- Supplied data -
================

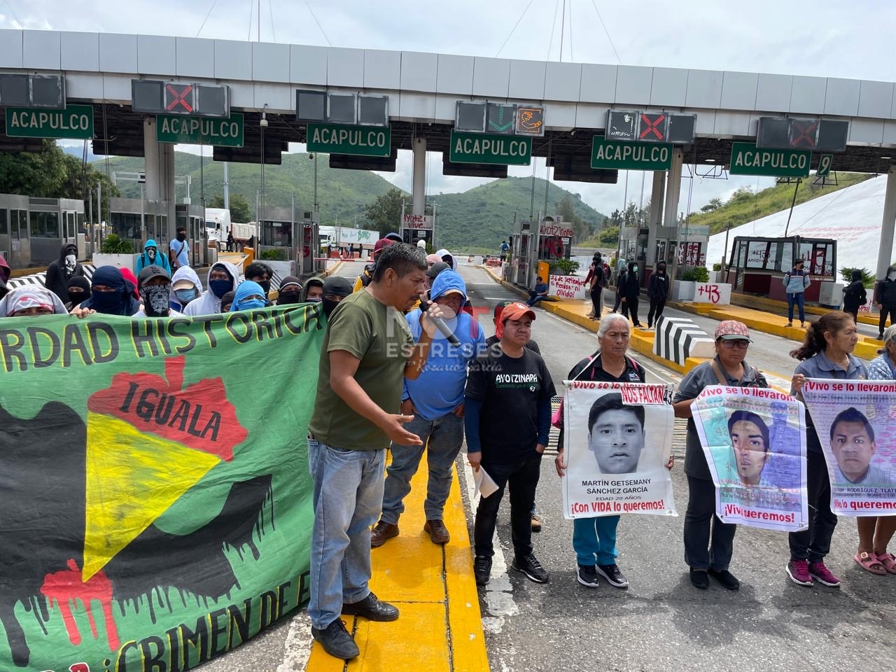 Padres y madres de los 43, así como estudiantes de la Normal de Ayotzinapa y otras normales rurales protestan este día en la caseta de cobros de Palo Blanco de la Autopista del Sol y bloquean parcialmente las vialidades.
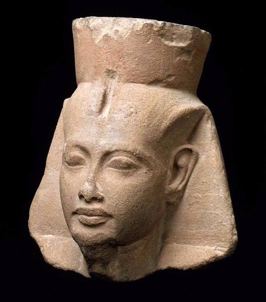 Голова Тутанхамона. Древний Египет, Новое царство, 18-я династия, царствование Тутанхамона, 1336-1327 до н.э. Скульптура. Песчаник. Высота 29, 6 см.
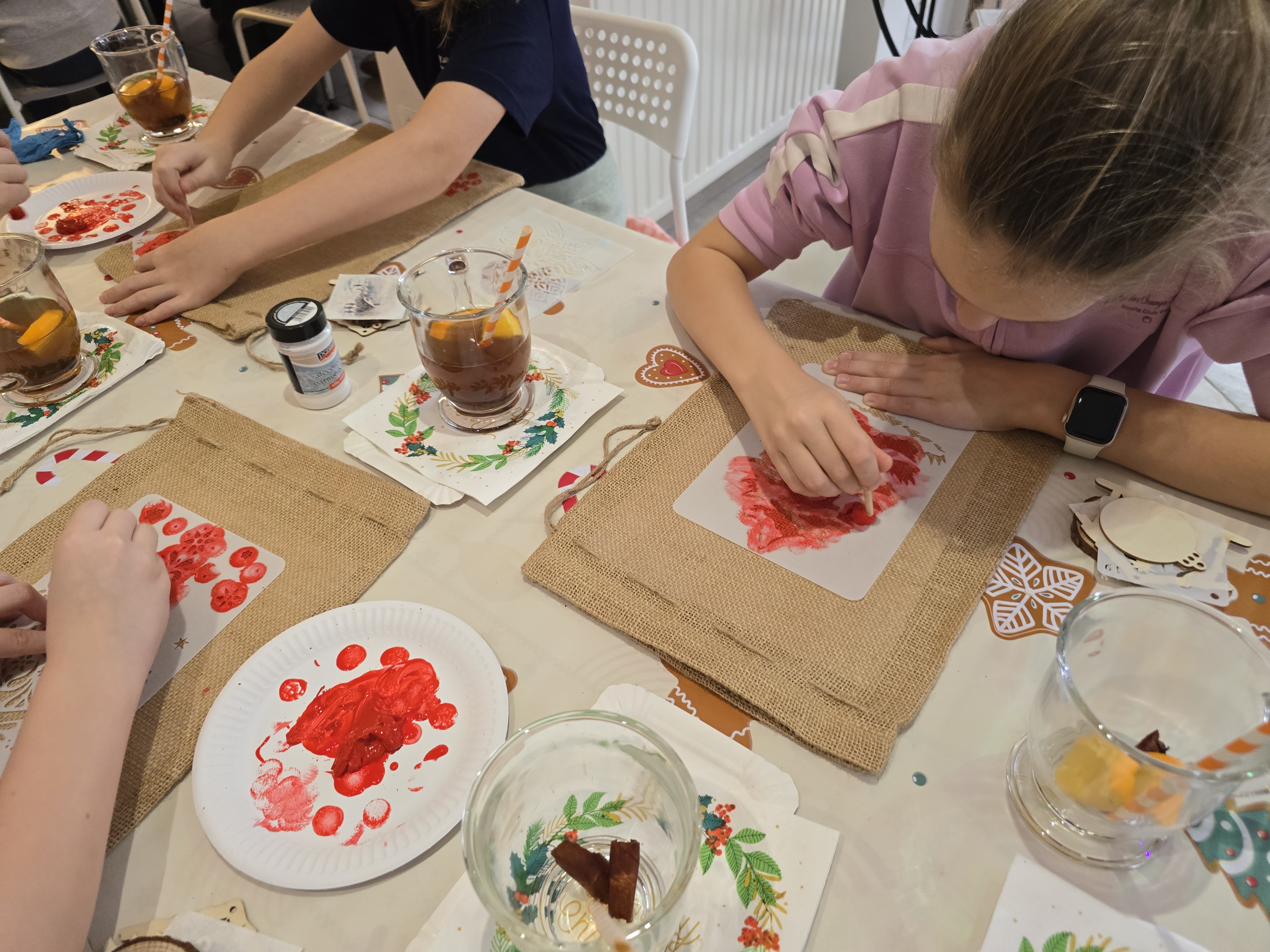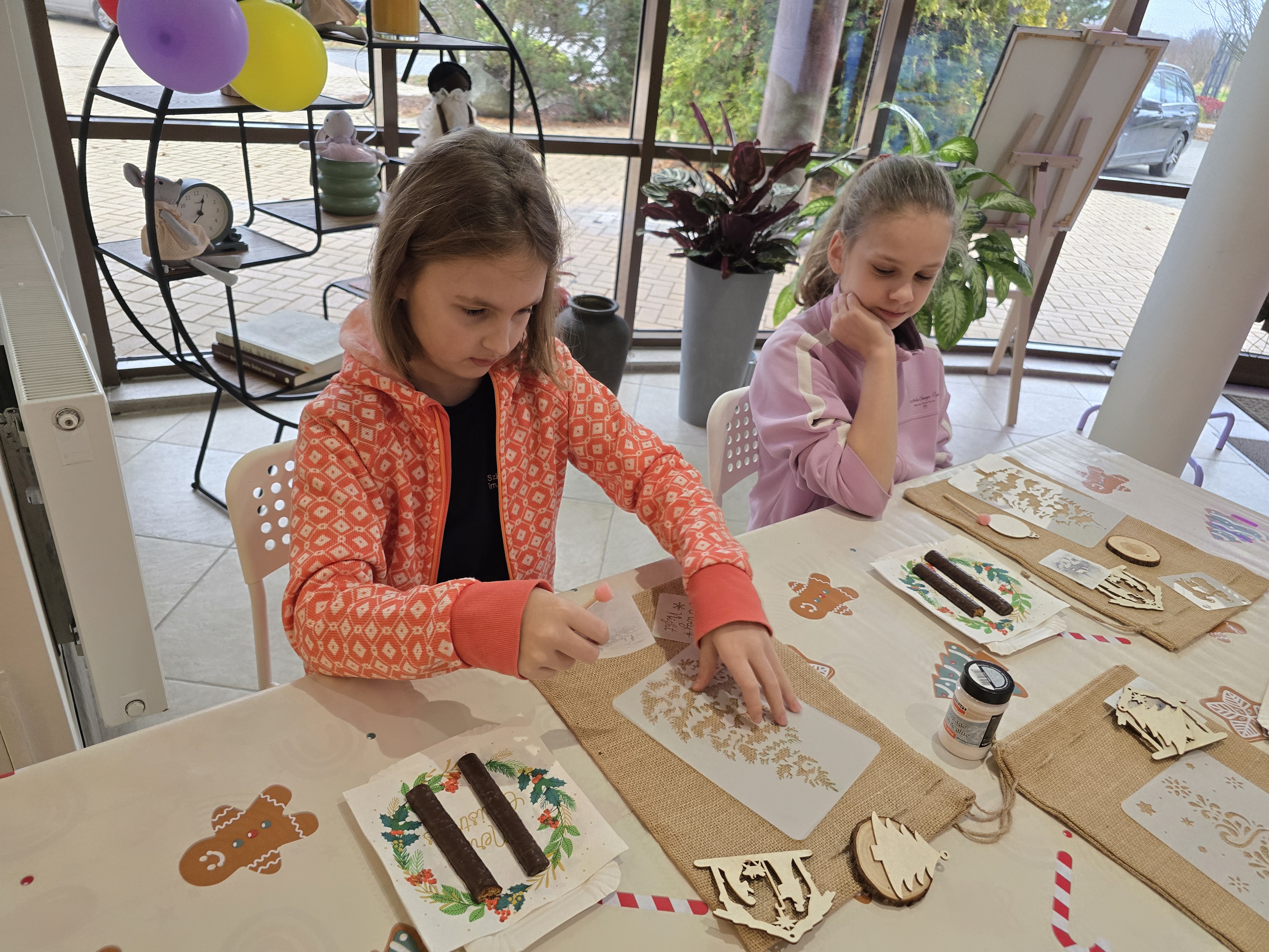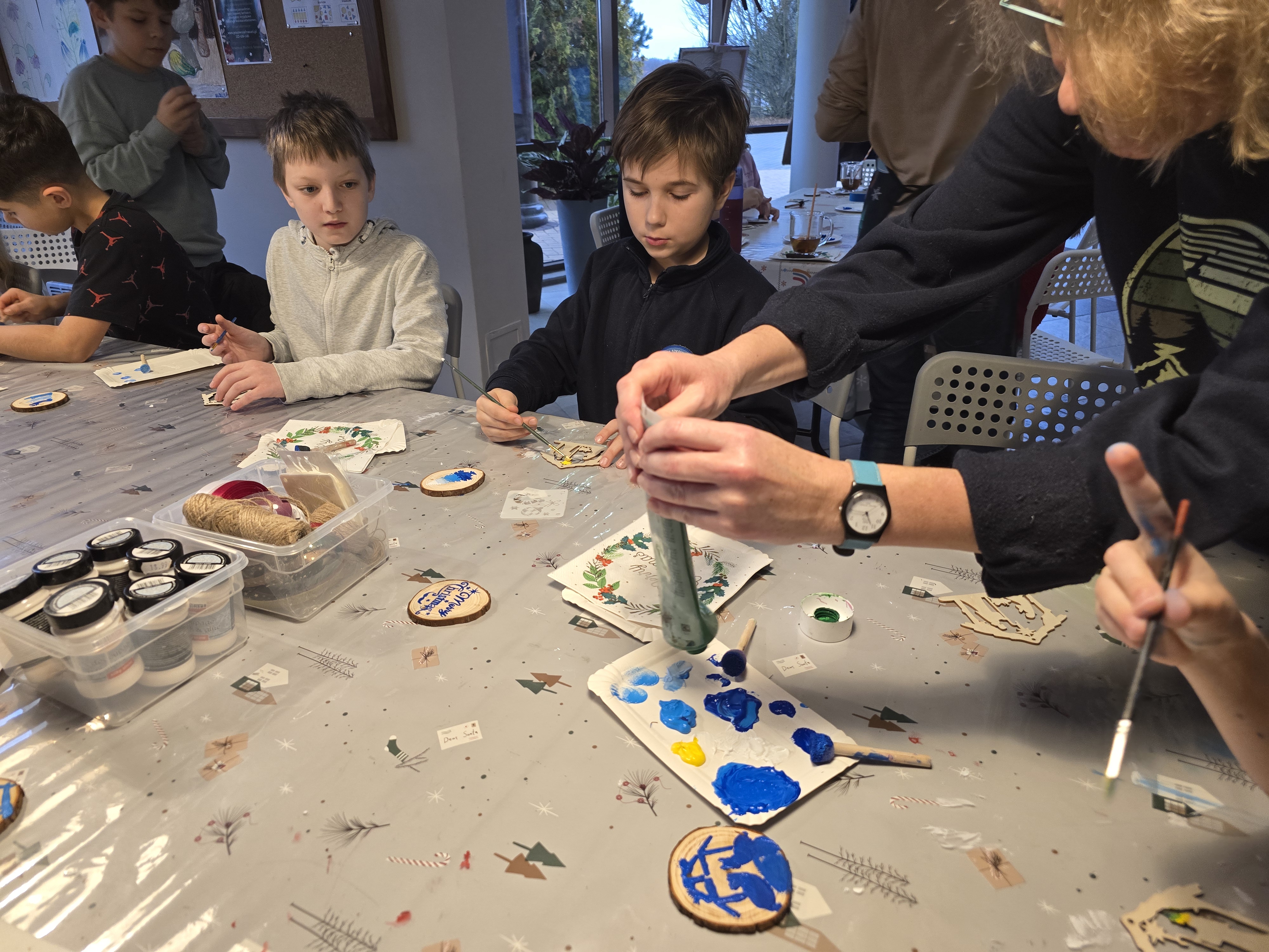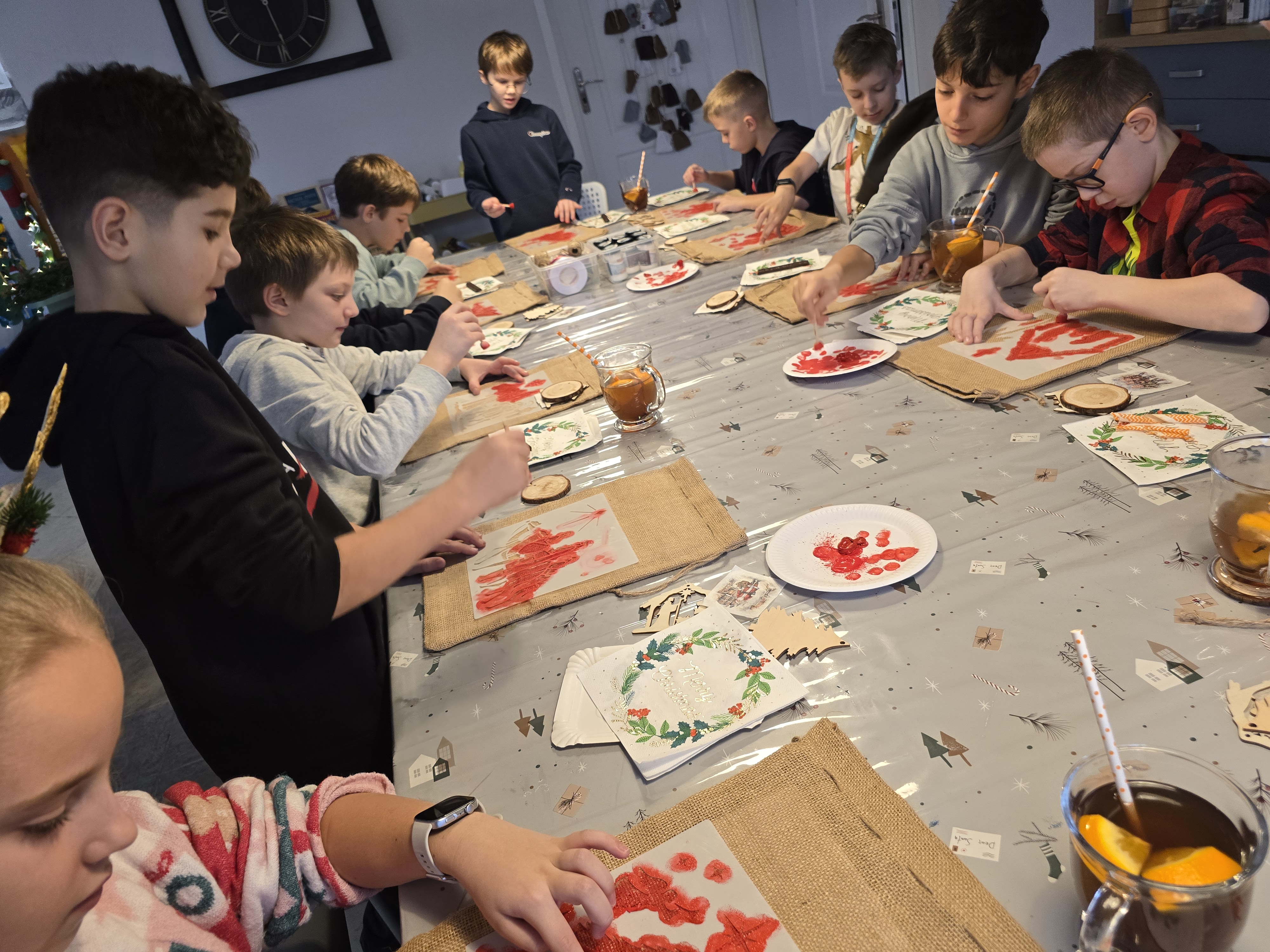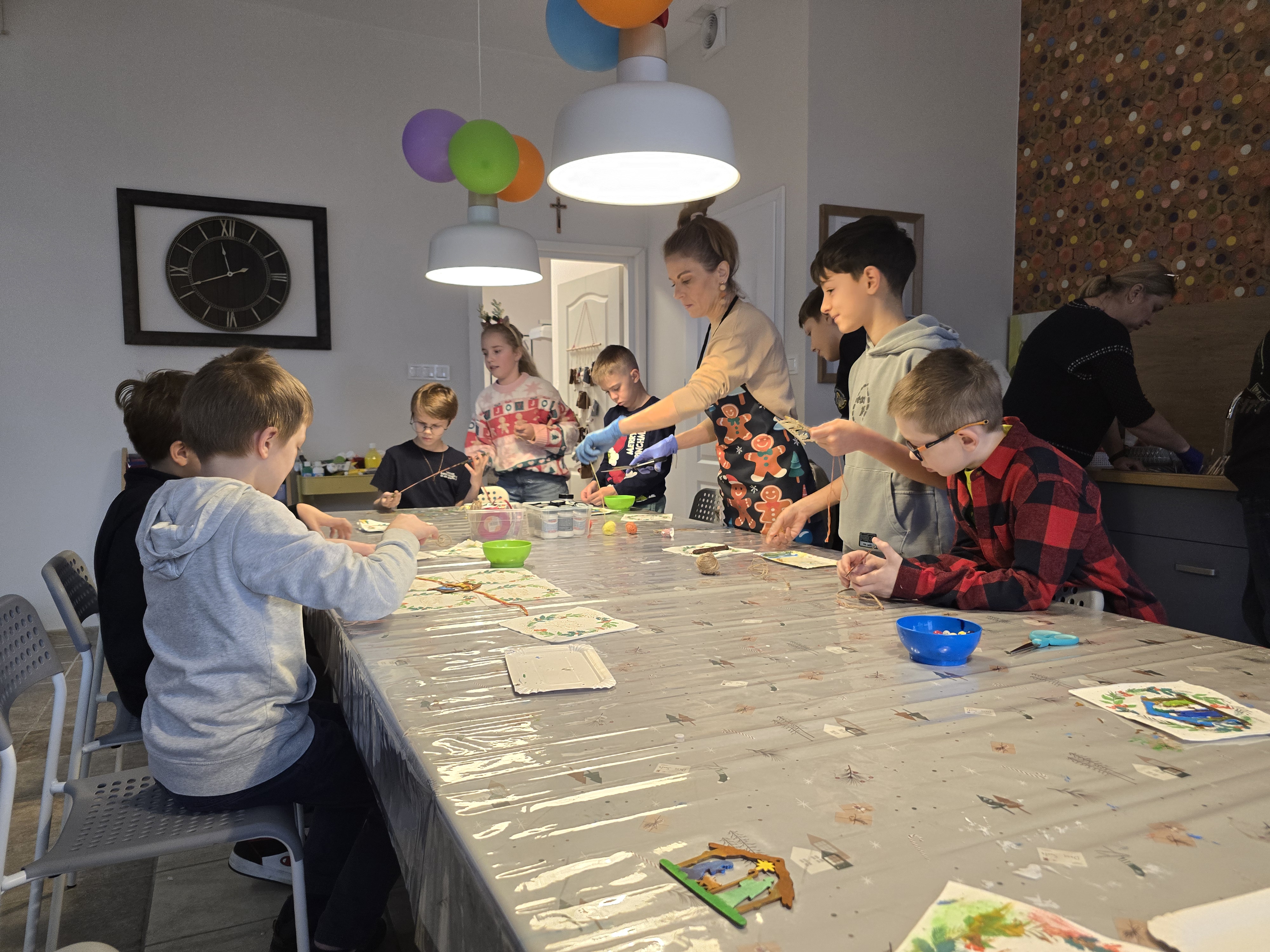 Atmosfera w pracowni była wyjątkowo miła i przyjazna. Dzieci pracowały w skupieniu, ale jednocześnie wesoło rozmawiały, wymieniały się pomysłami i śmiały się do łez. Prowadzący warsztaty dbali o to, aby każdy czuł się swobodnie i mógł wyrazić swoją kreatywność. W tle rozbrzmiewały dźwięki kolęd, które dodatkowo wprowadzały w świąteczny nastrój. Śpiewane przez dzieci, kolędy wypełniały pomieszczenie radością i wzruszeniem, tworząc niezapomnianą atmosferę.
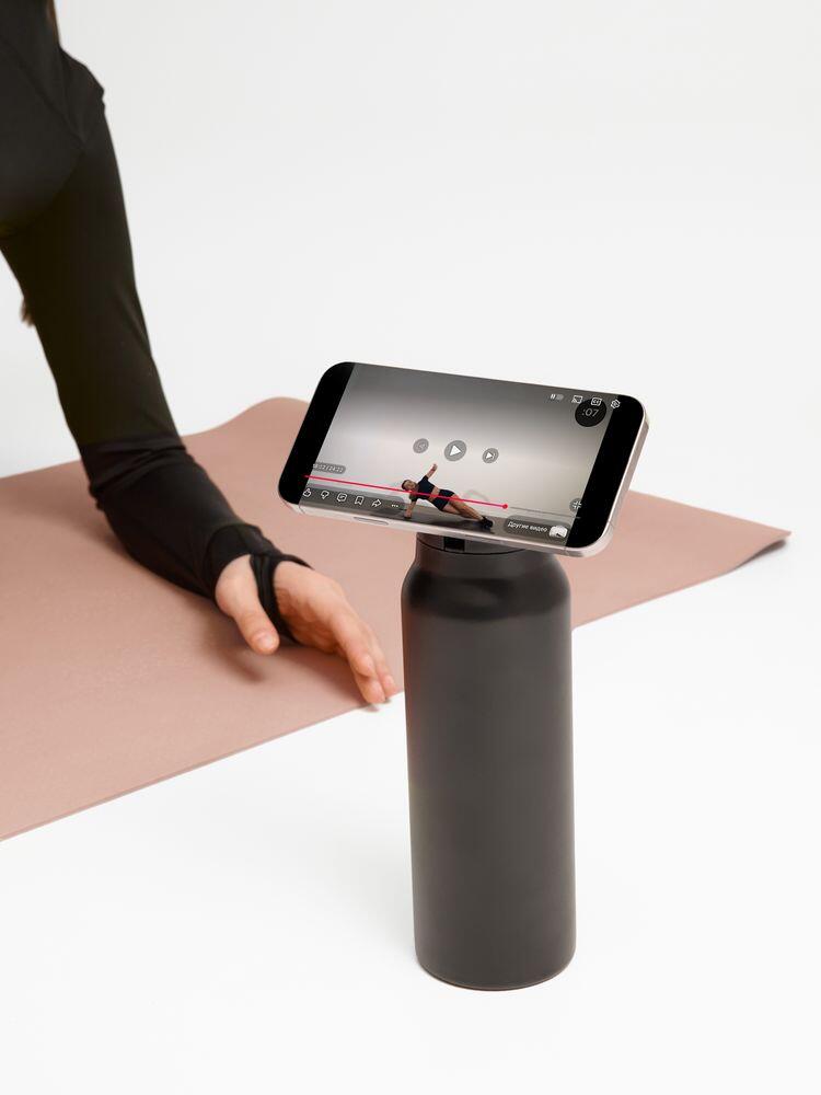 Главная особенность Magnus — магнитное кольцо в крышке, которое превращает бутылку в функциональный гаджет. Оно позволяет закрепить смартфон прямо на бутылку, чтобы смотреть тренировочные видео, повторять упражнения, снимать контент или использовать навигацию. Не нужно искать опору или держать телефон в руках — все уже продумано.

================

- Try it -
Keep the pictures out and repeat exactly the lines from the beginning of the data through the line that contains "Голова Тутанхамона. Древний", both ends included.

- Written solution -
 Padres y madres de los 43, así como estudiantes de la Normal de Ayotzinapa y otras normales rurales protestan este día en la caseta de cobros de Palo Blanco de la Autopista del Sol y bloquean parcialmente las vialidades.
 Голова Тутанхамона. Древний Египет, Новое царство, 18-я династия, царствование Тутанхамона, 1336-1327 до н.э. Скульптура. Песчаник. Высота 29, 6 см.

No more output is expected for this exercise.